Data to process>
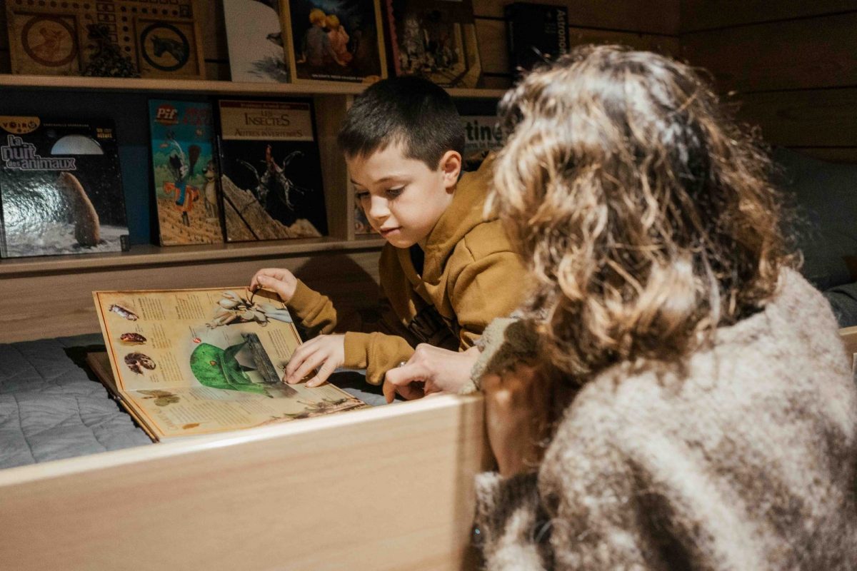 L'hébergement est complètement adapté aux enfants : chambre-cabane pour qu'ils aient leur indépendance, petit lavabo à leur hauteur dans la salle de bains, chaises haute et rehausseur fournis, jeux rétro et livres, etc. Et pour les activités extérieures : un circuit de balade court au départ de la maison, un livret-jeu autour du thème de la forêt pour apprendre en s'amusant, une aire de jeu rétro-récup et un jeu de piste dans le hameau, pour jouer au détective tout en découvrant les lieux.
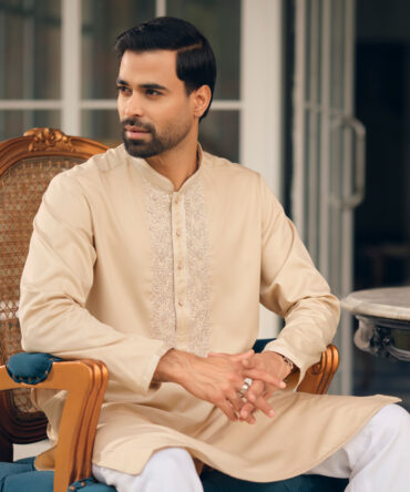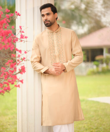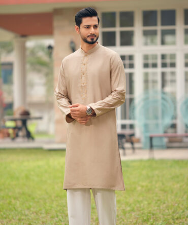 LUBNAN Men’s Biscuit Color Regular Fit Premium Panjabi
==
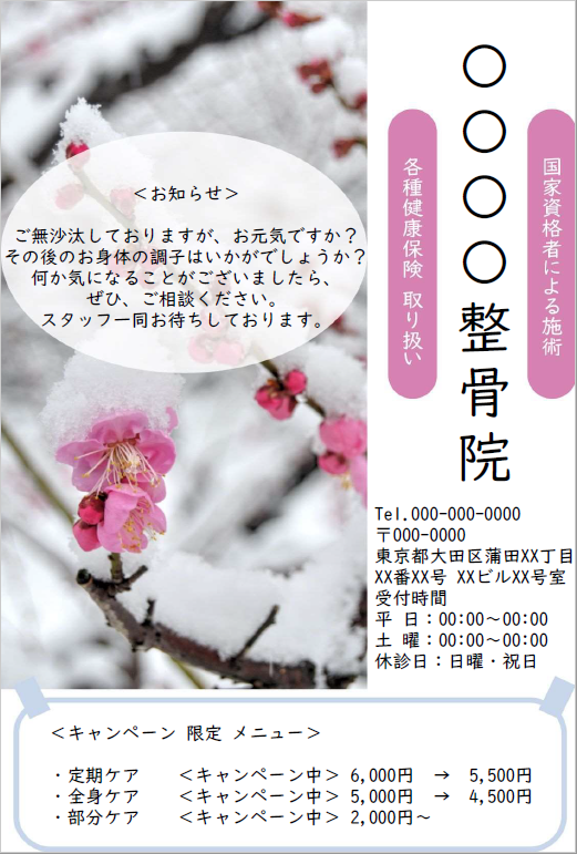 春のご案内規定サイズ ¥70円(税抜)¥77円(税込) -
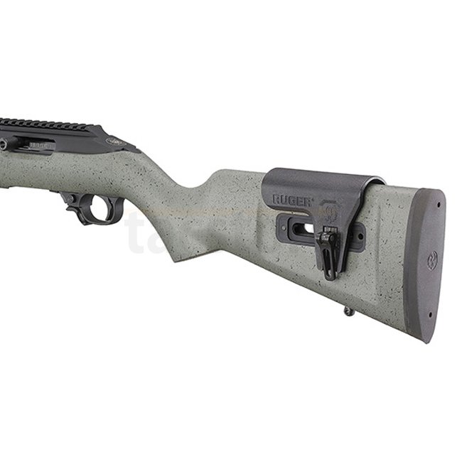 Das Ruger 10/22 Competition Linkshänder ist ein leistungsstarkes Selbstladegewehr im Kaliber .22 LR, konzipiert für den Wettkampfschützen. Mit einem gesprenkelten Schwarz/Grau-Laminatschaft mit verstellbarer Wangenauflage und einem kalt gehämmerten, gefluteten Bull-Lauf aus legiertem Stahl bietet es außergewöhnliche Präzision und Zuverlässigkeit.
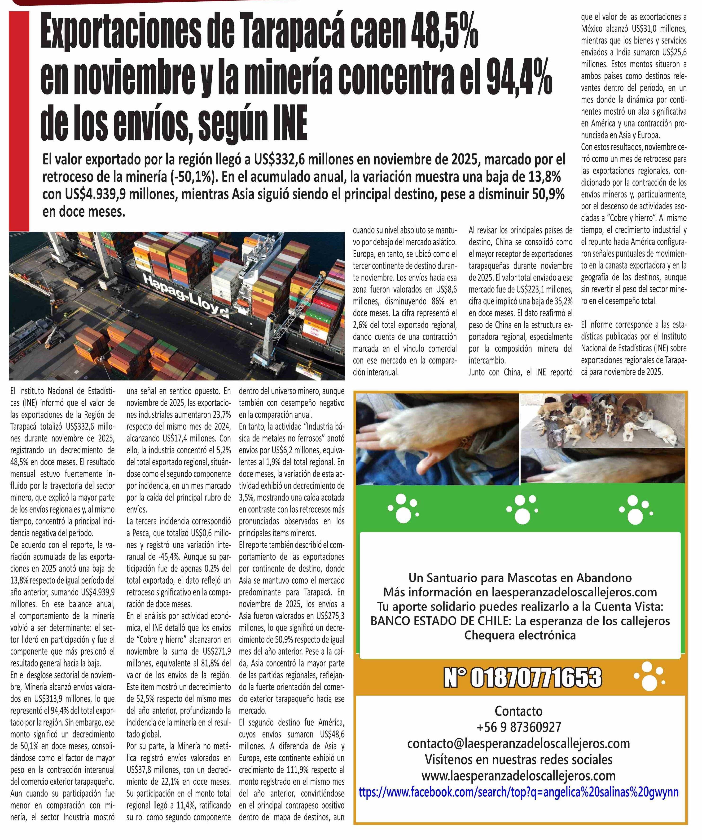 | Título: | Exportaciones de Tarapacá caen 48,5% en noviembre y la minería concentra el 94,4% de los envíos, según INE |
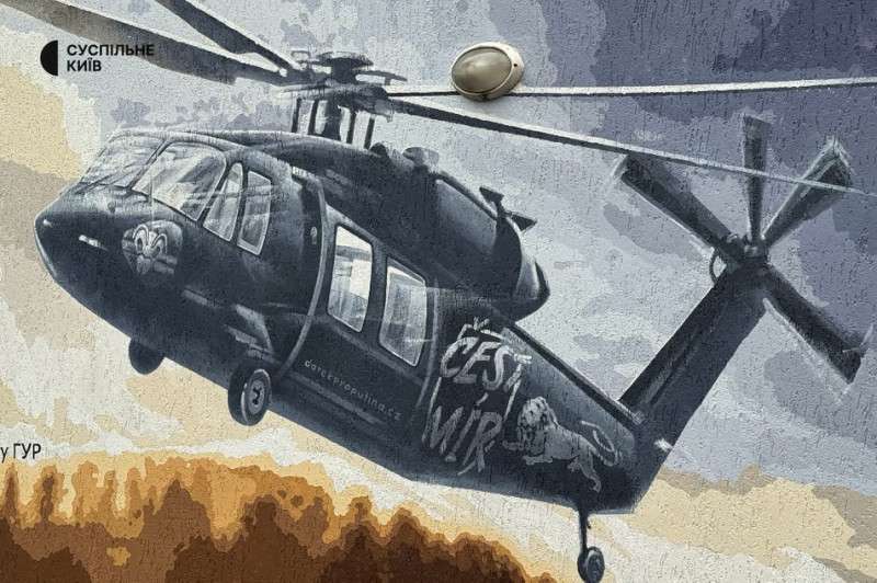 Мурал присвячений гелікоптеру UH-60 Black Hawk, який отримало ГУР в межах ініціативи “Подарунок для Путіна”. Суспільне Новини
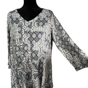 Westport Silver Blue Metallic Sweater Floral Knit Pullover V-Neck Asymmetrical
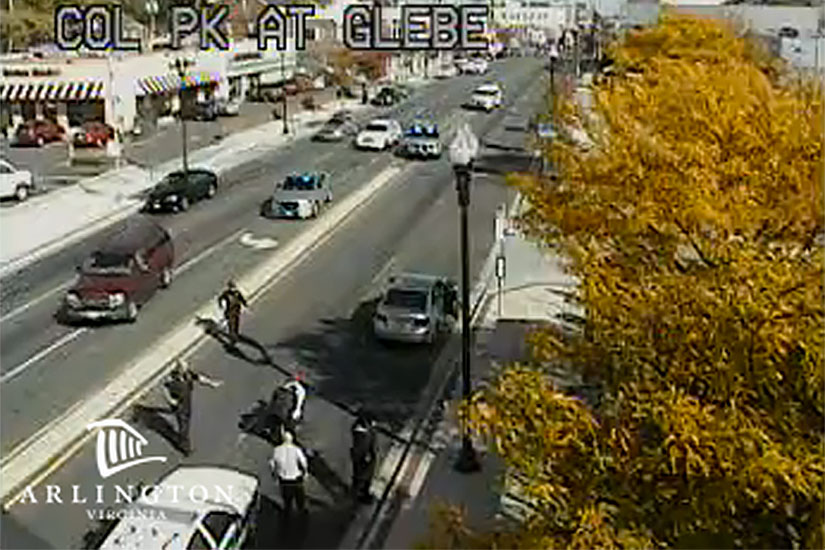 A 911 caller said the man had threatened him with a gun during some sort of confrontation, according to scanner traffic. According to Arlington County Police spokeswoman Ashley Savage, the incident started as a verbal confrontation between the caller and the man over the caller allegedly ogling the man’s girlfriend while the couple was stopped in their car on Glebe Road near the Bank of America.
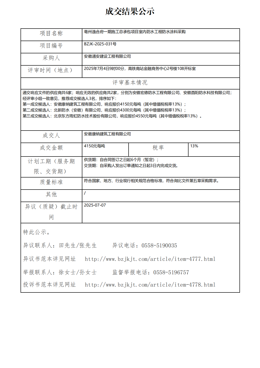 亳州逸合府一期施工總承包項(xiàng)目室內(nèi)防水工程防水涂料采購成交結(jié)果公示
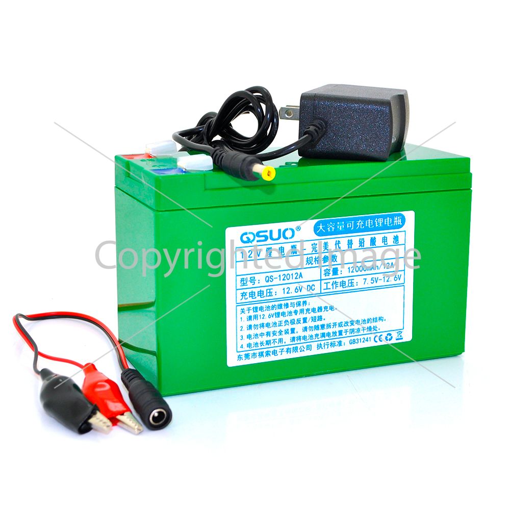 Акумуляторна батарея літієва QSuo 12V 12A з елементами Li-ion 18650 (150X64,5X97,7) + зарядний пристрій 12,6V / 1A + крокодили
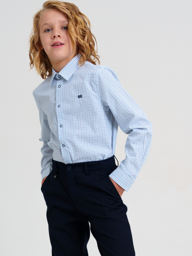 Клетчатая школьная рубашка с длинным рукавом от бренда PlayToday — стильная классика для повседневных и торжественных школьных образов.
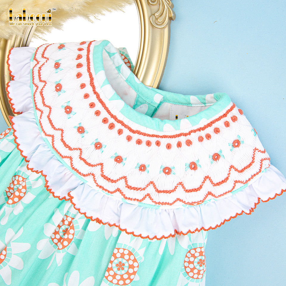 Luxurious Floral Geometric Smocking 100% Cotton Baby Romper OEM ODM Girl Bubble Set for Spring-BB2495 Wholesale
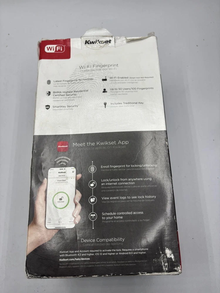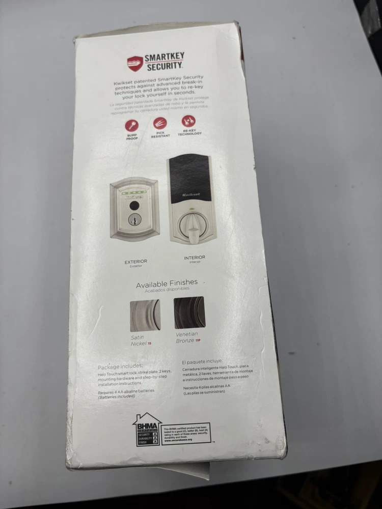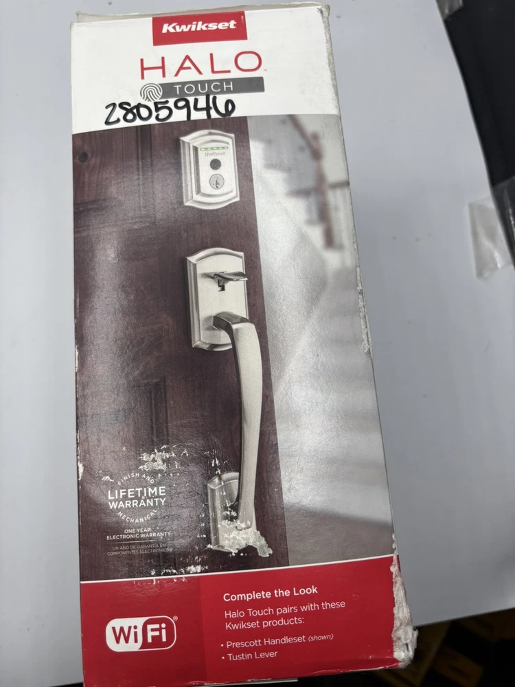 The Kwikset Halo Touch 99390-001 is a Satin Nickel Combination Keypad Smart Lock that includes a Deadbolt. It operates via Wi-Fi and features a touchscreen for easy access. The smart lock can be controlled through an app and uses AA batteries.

Work to complete>
Nothing but the lines above, starting at the line that contains "A 911 caller" and ending at the line that contains "The Kwikset Halo", should be given again, exactly and without the pictures.

Your response>
 A 911 caller said the man had threatened him with a gun during some sort of confrontation, according to scanner traffic. According to Arlington County Police spokeswoman Ashley Savage, the incident started as a verbal confrontation between the caller and the man over the caller allegedly ogling the man’s girlfriend while the couple was stopped in their car on Glebe Road near the Bank of America.
 亳州逸合府一期施工總承包項(xiàng)目室內(nèi)防水工程防水涂料采購成交結(jié)果公示
 Акумуляторна батарея літієва QSuo 12V 12A з елементами Li-ion 18650 (150X64,5X97,7) + зарядний пристрій 12,6V / 1A + крокодили
 Клетчатая школьная рубашка с длинным рукавом от бренда PlayToday — стильная классика для повседневных и торжественных школьных образов.
 Luxurious Floral Geometric Smocking 100% Cotton Baby Romper OEM ODM Girl Bubble Set for Spring-BB2495 Wholesale
 The Kwikset Halo Touch 99390-001 is a Satin Nickel Combination Keypad Smart Lock that includes a Deadbolt. It operates via Wi-Fi and features a touchscreen for easy access. The smart lock can be controlled through an app and uses AA batteries.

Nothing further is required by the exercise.